Traditional power system dynamic models are very complex due to the intricacy of power system networks and can be inaccurate for control because of the amount of details needed and the fact that the grid topology changes all the time. With the fast deployment of a large number of Phasor Measurement Units (PMUs) in the transmission network, a purely measurement-based model for large grid dynamics estimation and control may be obtained.

This project proposed a measurement-based power system dynamic modeling method for system response estimation and instability warning, which is based on a reduced dynamic power grid model in the autoregressive with exogenous input model structure. For a large-scale power grid, the identification of the proposed model is computationally efficient and suitable for online applications. Case studies have been conducted to test the proposed model’s accuracy and reliability with different excitation sources for model training and cascading events leading to out of step. The preliminary results have shown that the proposed method is effective in estimating power system dynamic response from limited synchrophasor measurements and promising in predicting instability for out of step or other instability issues caused by cascading outages. Future work will investigate how to improve the accuracy of the proposed method and theoretically prove its effectiveness in instability warning. Although further investigation continues, it seems that based on the proposed method, online synchrophasor-based power system monitoring and decision support applications may be developed for power system response estimation under disturbances and for early warning of potential stability issues.

References

[1] Yong Liu; Kai Sun; Yilu Liu, "Measurement-based power system dynamic model for response estimation," Power and Energy Society General Meeting, 2012 IEEE , vol., no., pp.1,6, 22-26 July 2012.
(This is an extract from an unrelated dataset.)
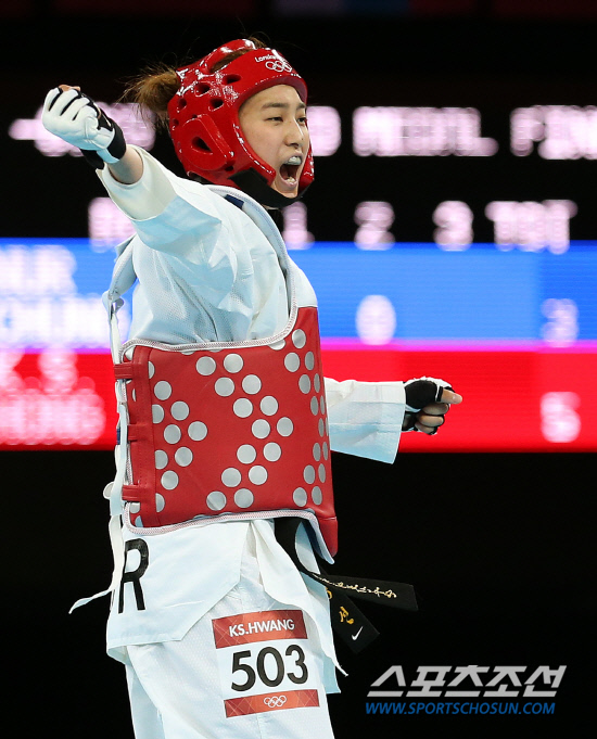 11일 밤(현지시각) 영국 런던 엑셀 노스아레나에서 열린 여자 태권도 -67㎏급 결승전에서 황경선 선수가 타타르 누르(터키) 선수와의 시합 중 득점에 환호하고 있다. 황경선은 타타르 누르를 누르고 금메달을 획득해 올림픽 2연패를 달성했다. 20120811 런던=올림픽사진공동취재단m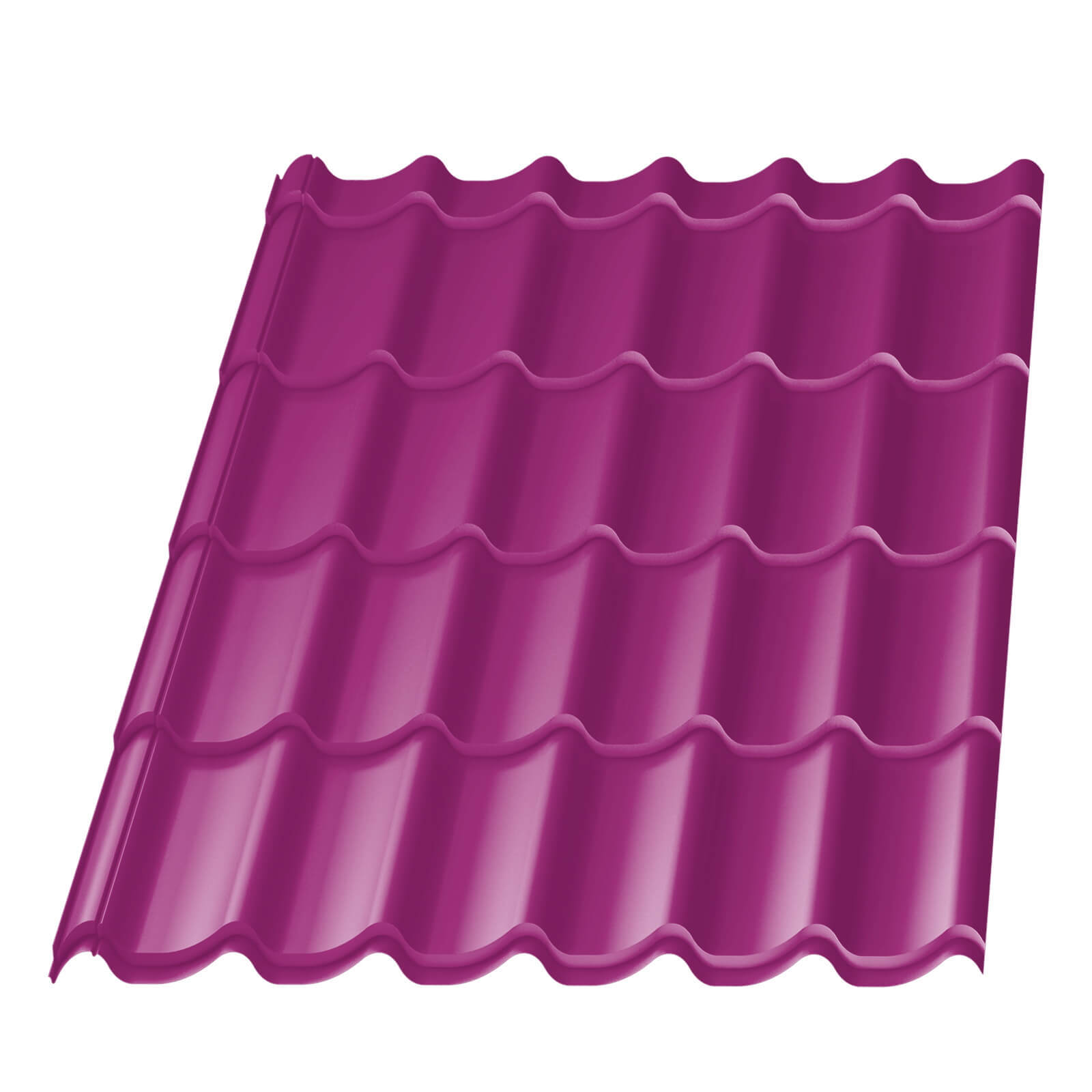 Металлическая черепица Меркурий цвет RAL 4006 Пурпурный имеет профиль внешне на кровле напоминающий классическую керамическую черепицу. Меркурий — это обновленный аналог профиля металлической черепицы для кровли крыши. Форма профиля имеет богатый внешний вид напоминающий небольшие набегающие волны. Лучшие показатели герметизации сделали профиль Меркурий гарантом стабильной и долговременной службы на крышах в Томске. Данный профиль отличается не только своим качеством и практичностью, но и благородным внешним видом.

[2] Changgang Li; Yong Liu; Kai Sun; Yilu Liu; Navin Bhatt, "Measurement Based Power System Dynamics Prediction with Multivariate AutoRegressive Model", IEEE PES Transmission & Distribution Conference & Exposition, 2014 IEEE, vol., no., pp.1,6, May 2014.

[3] Feifei Bai; Yong Liu; Yilu Liu, et al, "Measurement-Based Correlation Approach for Power System Dynamic Response Estimation," IET Generation, Transmission & Distribution, to be published.